What needs to be done:
Please reproduce the records below exactly, omitting any pictures they contain.

Data excerpts
▼

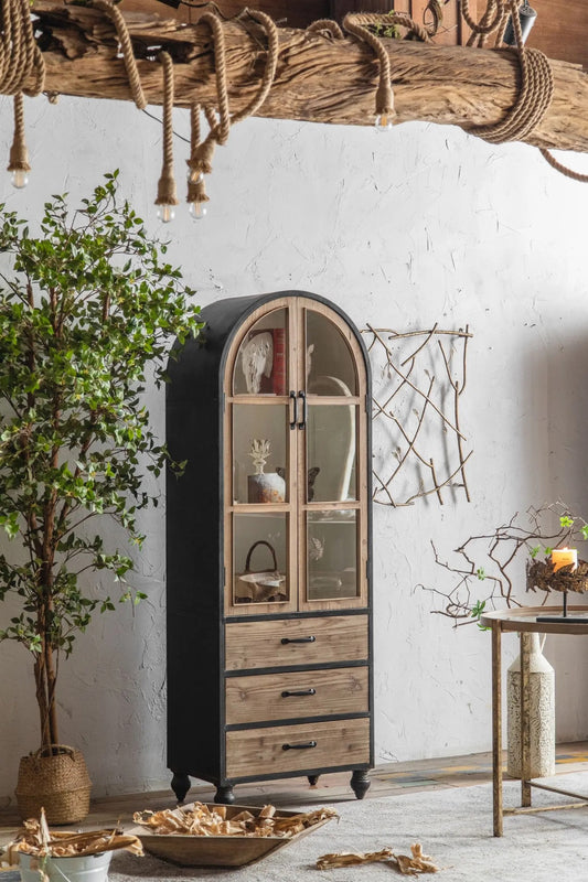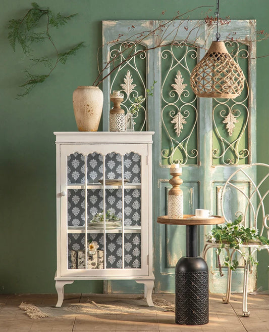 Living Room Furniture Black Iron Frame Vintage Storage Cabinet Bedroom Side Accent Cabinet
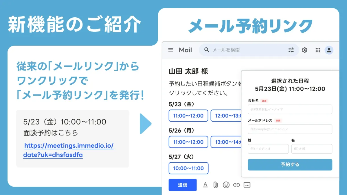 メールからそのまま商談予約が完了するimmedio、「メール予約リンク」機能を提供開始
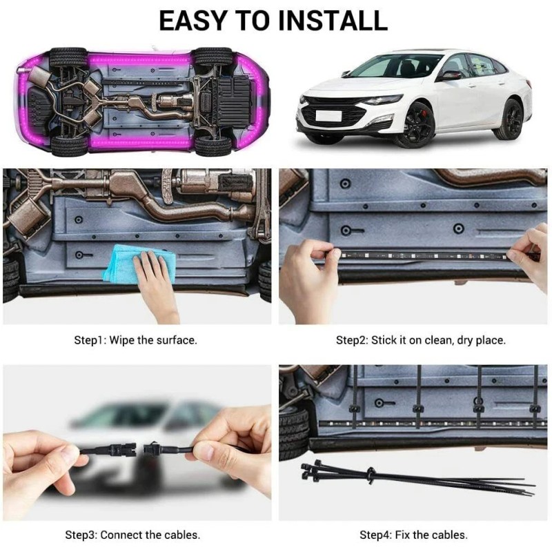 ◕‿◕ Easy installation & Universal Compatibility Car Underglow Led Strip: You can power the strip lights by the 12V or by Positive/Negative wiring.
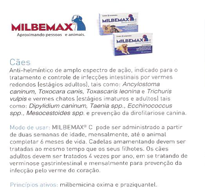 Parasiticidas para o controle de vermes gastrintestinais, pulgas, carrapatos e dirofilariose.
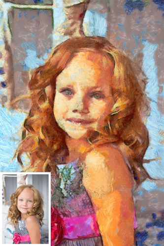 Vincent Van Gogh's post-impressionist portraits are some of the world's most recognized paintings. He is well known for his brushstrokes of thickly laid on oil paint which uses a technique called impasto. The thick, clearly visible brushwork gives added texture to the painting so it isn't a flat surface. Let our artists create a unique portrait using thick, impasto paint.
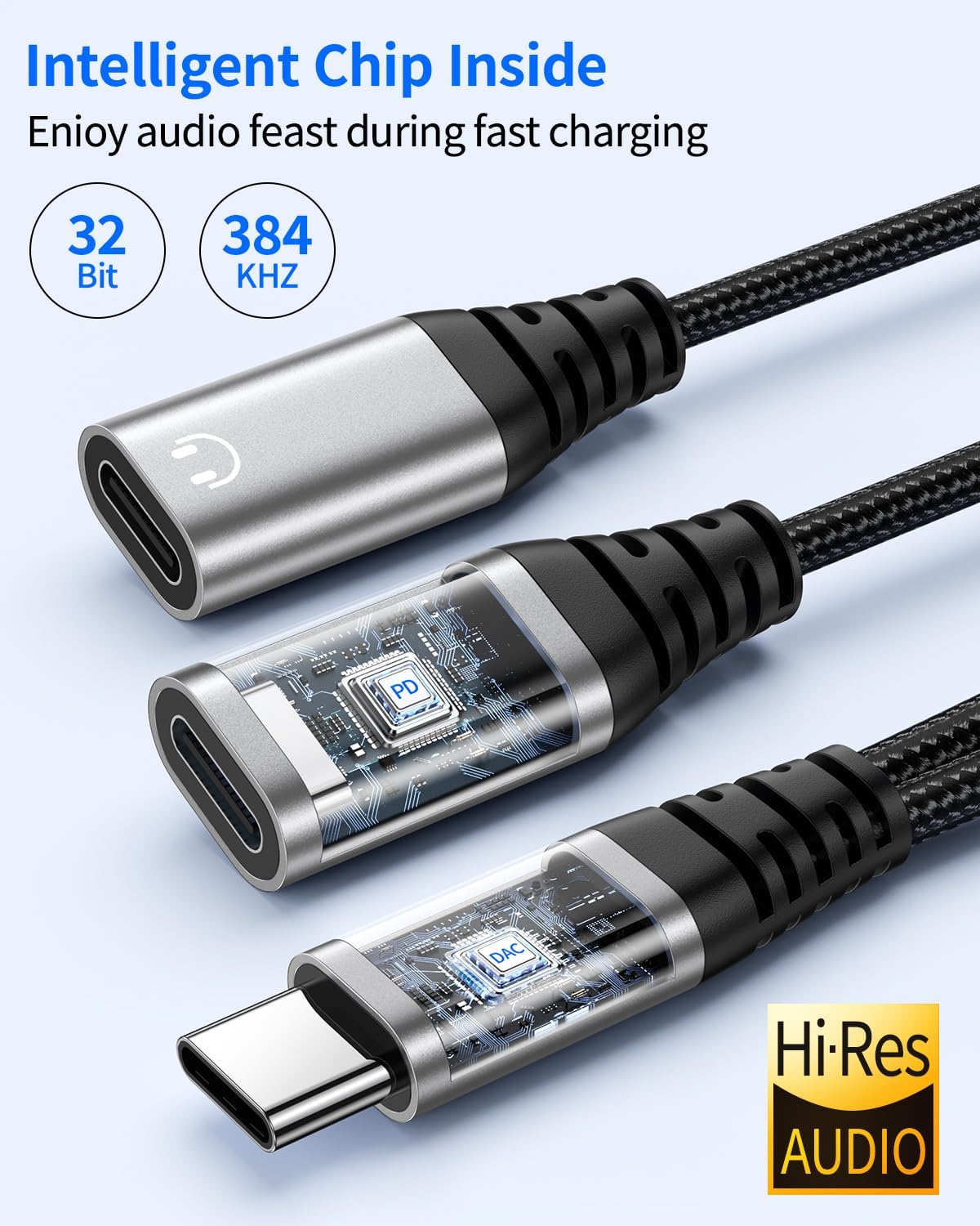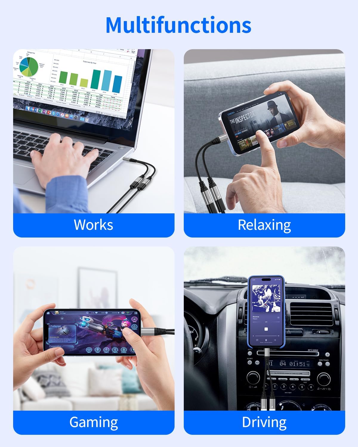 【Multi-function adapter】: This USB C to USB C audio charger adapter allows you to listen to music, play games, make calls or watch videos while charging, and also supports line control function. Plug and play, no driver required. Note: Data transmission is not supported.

▲

Solution:
 Living Room Furniture Black Iron Frame Vintage Storage Cabinet Bedroom Side Accent Cabinet
 メールからそのまま商談予約が完了するimmedio、「メール予約リンク」機能を提供開始
 ◕‿◕ Easy installation & Universal Compatibility Car Underglow Led Strip: You can power the strip lights by the 12V or by Positive/Negative wiring.
 Parasiticidas para o controle de vermes gastrintestinais, pulgas, carrapatos e dirofilariose.
 Vincent Van Gogh's post-impressionist portraits are some of the world's most recognized paintings. He is well known for his brushstrokes of thickly laid on oil paint which uses a technique called impasto. The thick, clearly visible brushwork gives added texture to the painting so it isn't a flat surface. Let our artists create a unique portrait using thick, impasto paint.
 【Multi-function adapter】: This USB C to USB C audio charger adapter allows you to listen to music, play games, make calls or watch videos while charging, and also supports line control function. Plug and play, no driver required. Note: Data transmission is not supported.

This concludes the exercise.